30 April 2009

Spiel-bound

The Heartless Mr. Telepug

For some people it’s a dinnertime thing, but in my case it’s just as I’m about to drift off into my siesta. At that fateful moment when I blissfully let go of wakefulness and all its attendant worries — that’s when the phone rings. And it almost always turns out to be the most inconsequential call, too.

“Hello,” says an absurdly cheery voice, “this is [name] from [name of company] and I want to tell you about [name of product/promo]…”

What the — ? Hello?!? Which planet are these people from? What the hell makes them think that I’m even remotely interested in what they have to offer?

“I’m. Not. Interested,” I say, before calmly replacing the receiver. Anything more civil than that or a second or two of hesitation before ending the call will have been taken as an expression of interest, and before you realize it you will have committed to buy something you don’t need or are far less likely to ever use, for the simple reason that most of the time, the damned thing doesn’t work. This I know firsthand: we’ve got juicers, knife sets, exercise equipment, and weight-loss pills coming out of our asses and cramming the pantry and stockroom. I can’t forbid my father to go near the phone, after all.

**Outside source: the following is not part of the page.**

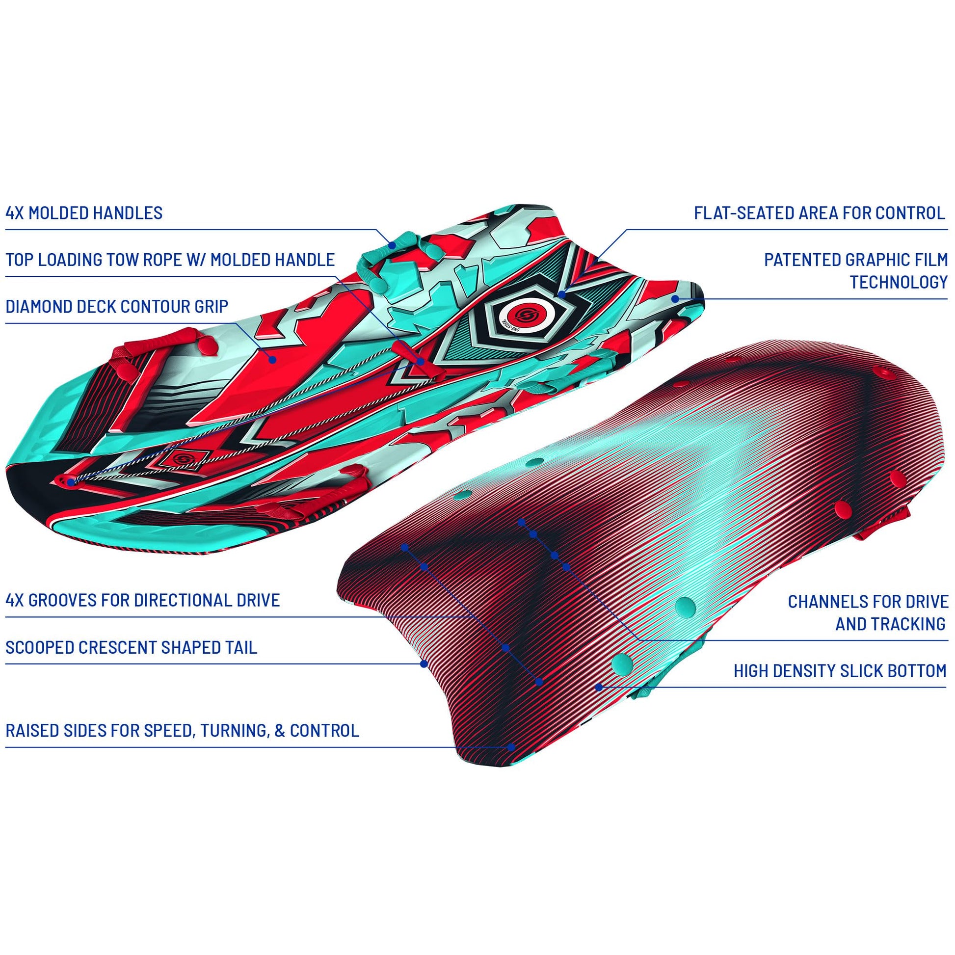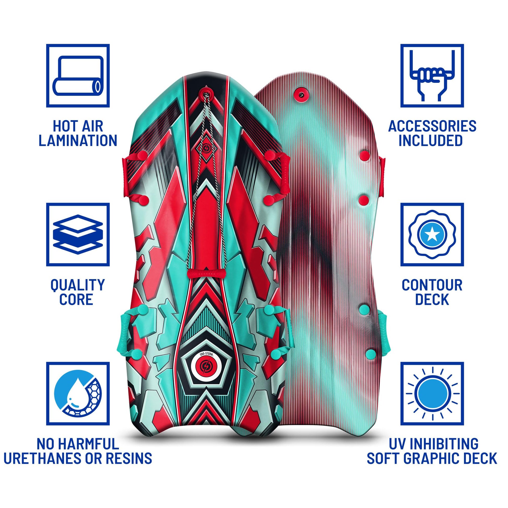 Built with a strong EPS (Expanded Polystyrene) foam core and a protective WBS (Water Barrier Skin) top deck, the Sno-Storm Snow Sled offers long-lasting durability in all winter conditions. The slick bottom features a precision-engineered Sector Channel design that increases acceleration, stability, and smooth directional steering, making every ride more controlled and thrilling.

Yes: my father. Those calls are meant for him. He’s on a first-name basis with the telemarketing set. The people at the home shopping channels have his number on speed dial. Car salesmen lurk in dark corners, waiting to catch him alone — that is, when my mother’s not around. Pa’s helpless in the face of a good pitch. He’d read about some new and “revolutionary” beauty treatment and race to tell my mother about it. Over dinner, he’d wonder aloud about the relative merits of the Ab-Away versus the Total Core. Thank God he has not shown any inclination to go online or there will be no end to our troubles. The Nigerians will have a field day.

On second thought, get-rich-quick schemes aren’t my father’s cup of tea. It’s more like my uncle’s, his older brother, who never says no to anything that involves buried treasure or promises an instant financial bonanza. He has been conned one too many times, but if there’s one thing he has come to realize, it’s that he will always be a slave to the speculator in him. “What can I say?” he’d chuckle after the latest fiasco. “I’m a sucker for those things.” My aunt, who does not share his enthusiasm or amusement, believes her husband has been possessed by the devil and often talks of submitting him to an exorcism. I don’t say it to her face, but I think what Tito needs is something along the lines of a lobotomy — before he discovers the wonders of the Internet and some African ex-dictator’s wife or mistress e-mails him to enlist his help in “un-freezing” an illegally amassed fortune in exchange for a hefty cut.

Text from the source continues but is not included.